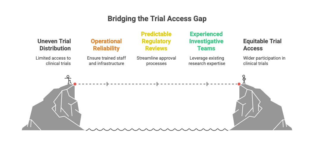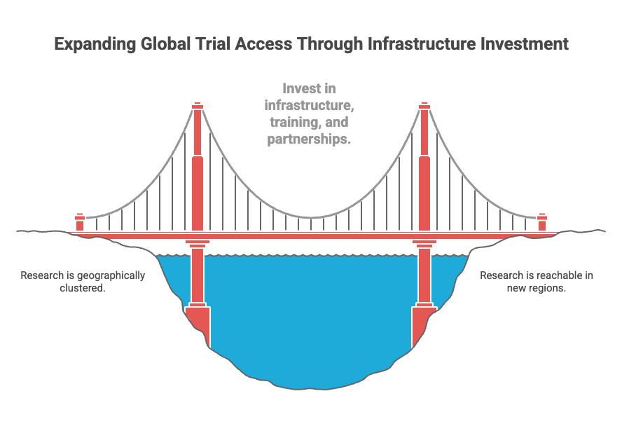 Broadening access is not as simple as adding more dots to a map. It requires long-term investment in research infrastructure, regulatory support, training, and local partnerships. It requires designing trials that can travel — operationally, culturally, and logistically — across different systems.
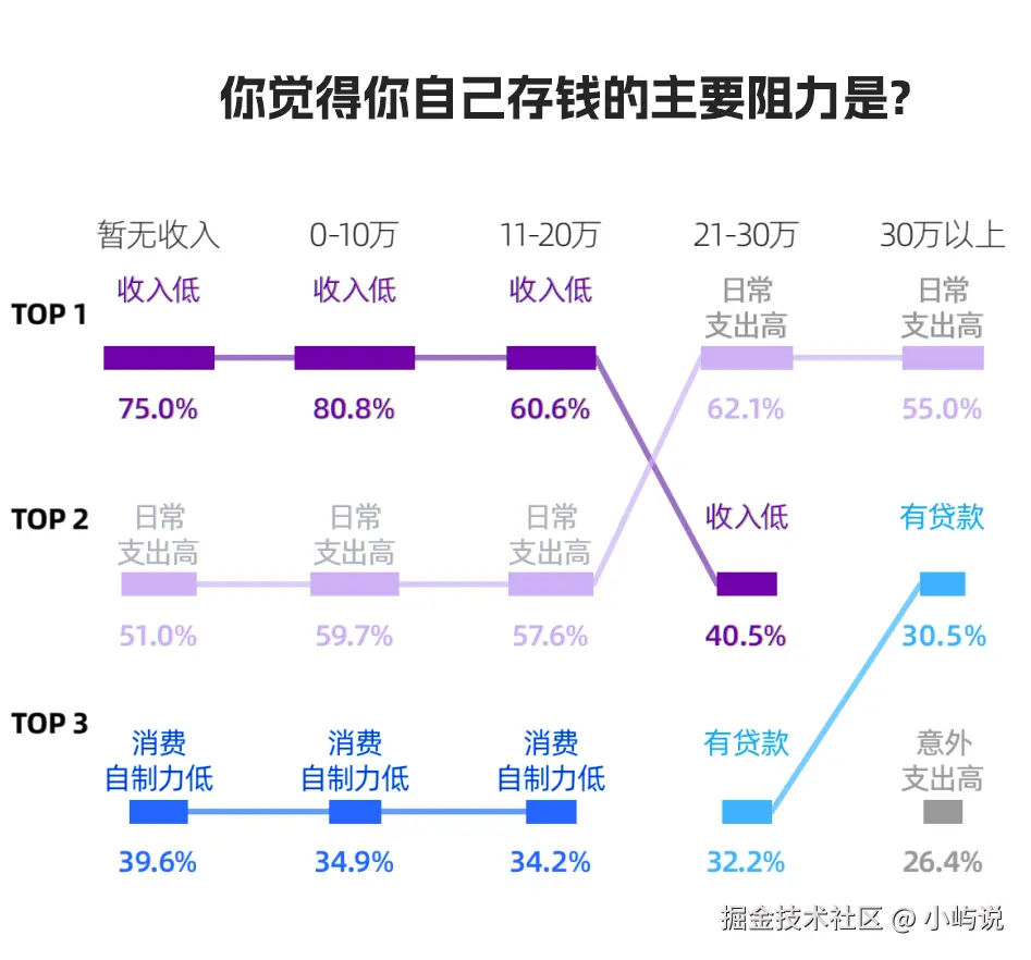 对于许多人来说,存钱不易;但对高薪行业从业者而言,存款更多是收入提升的自然结果。年薪50万存10万,与年薪15万存10万,难度截然不同。DT财经的调研也证实,在存款不足20万的人群中,“收入低”是最主要的阻力。
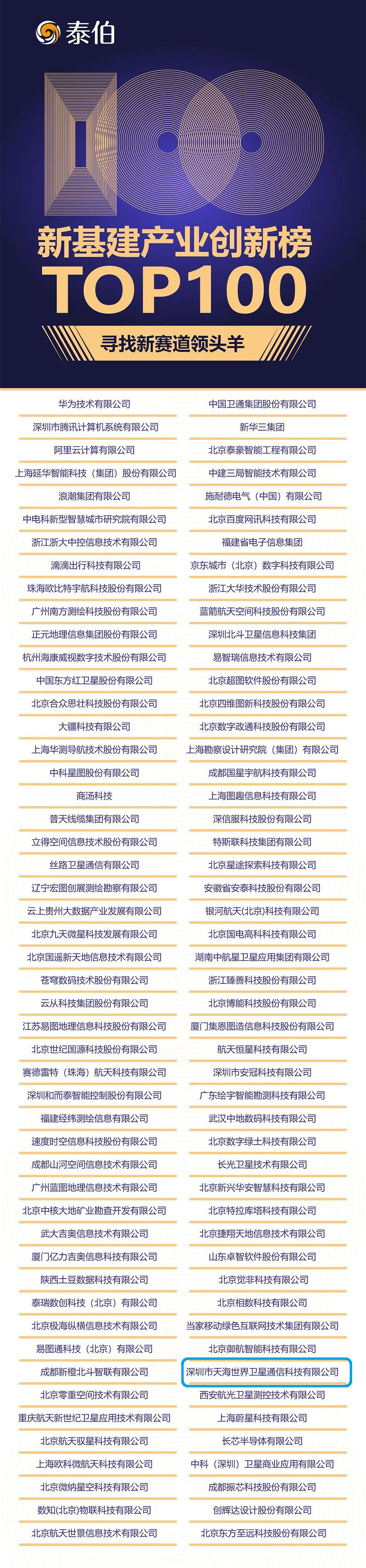 本次由泰伯網(wǎng)發(fā)起的“新基建產(chǎn)業(yè)創(chuàng)新榜TOP100”調(diào)研及評選項目,重點聚焦衛(wèi)星互聯(lián)網(wǎng)、新型智慧城市、自然資源信息化三大領(lǐng)域,旨在尋找“新基建”浪潮中的領(lǐng)頭羊和獨角獸,發(fā)現(xiàn)真正推動產(chǎn)業(yè)創(chuàng)新與變革的引領(lǐng)者。
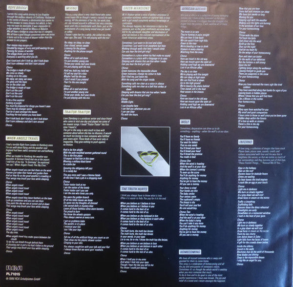 A1. Rope Bridge 3:40 A2. When Angels Travel 4:29 A3. Mixing 4:45 A4. Traitor Traitor 3:48 A5. Green Mansions 4:31 B1. The Truth Hurts 4:03 B2. African Affair 3:52 B3. Wolf 4:37 B4. Homecoming 3:19 B5. Inferno 4:58
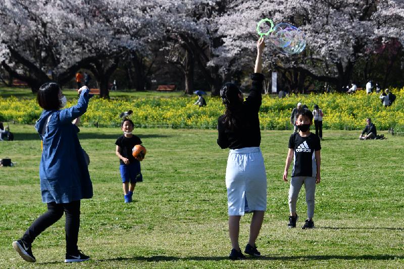 今年は桜の木の下に入れないように、ロープが張られて、レジャーシートを広げて飲食などは出来ないように、見張りもついていた。しかし、人々は思い思いの時を過している。
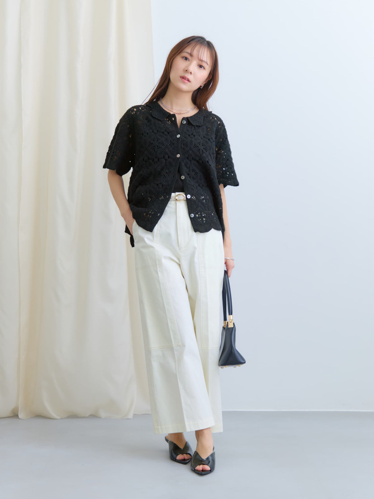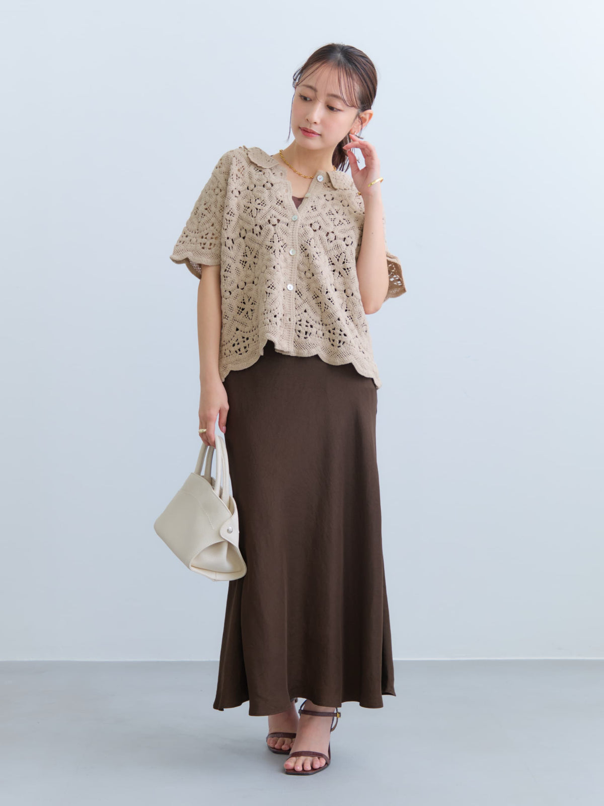 同シリーズの2wayクロシェワンピースと合わせたスタイリングもおすすめです。
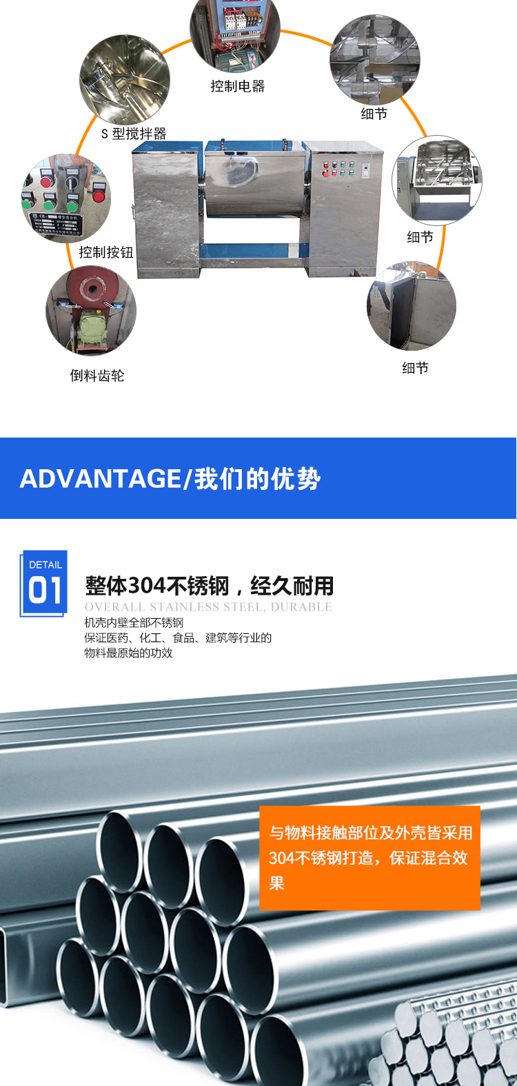 本機通過機械傳動,使S式攪拌槳旋轉(zhuǎn),推動物料往復(fù)翻動,均勻混合,操作時采用電氣控制,可設(shè)定混合時間,到時自動停機,電動倒料,從而提高每批物料的混合質(zhì)量,達到高均勻度的混合。

───

Your assignment: Repeat the listing above word for word and leave its images out.

Reply:
 Broadening access is not as simple as adding more dots to a map. It requires long-term investment in research infrastructure, regulatory support, training, and local partnerships. It requires designing trials that can travel — operationally, culturally, and logistically — across different systems.
 对于许多人来说,存钱不易;但对高薪行业从业者而言,存款更多是收入提升的自然结果。年薪50万存10万,与年薪15万存10万,难度截然不同。DT财经的调研也证实,在存款不足20万的人群中,“收入低”是最主要的阻力。
 本次由泰伯網(wǎng)發(fā)起的“新基建產(chǎn)業(yè)創(chuàng)新榜TOP100”調(diào)研及評選項目,重點聚焦衛(wèi)星互聯(lián)網(wǎng)、新型智慧城市、自然資源信息化三大領(lǐng)域,旨在尋找“新基建”浪潮中的領(lǐng)頭羊和獨角獸,發(fā)現(xiàn)真正推動產(chǎn)業(yè)創(chuàng)新與變革的引領(lǐng)者。
 A1. Rope Bridge 3:40 A2. When Angels Travel 4:29 A3. Mixing 4:45 A4. Traitor Traitor 3:48 A5. Green Mansions 4:31 B1. The Truth Hurts 4:03 B2. African Affair 3:52 B3. Wolf 4:37 B4. Homecoming 3:19 B5. Inferno 4:58
 今年は桜の木の下に入れないように、ロープが張られて、レジャーシートを広げて飲食などは出来ないように、見張りもついていた。しかし、人々は思い思いの時を過している。
 同シリーズの2wayクロシェワンピースと合わせたスタイリングもおすすめです。
 本機通過機械傳動,使S式攪拌槳旋轉(zhuǎn),推動物料往復(fù)翻動,均勻混合,操作時采用電氣控制,可設(shè)定混合時間,到時自動停機,電動倒料,從而提高每批物料的混合質(zhì)量,達到高均勻度的混合。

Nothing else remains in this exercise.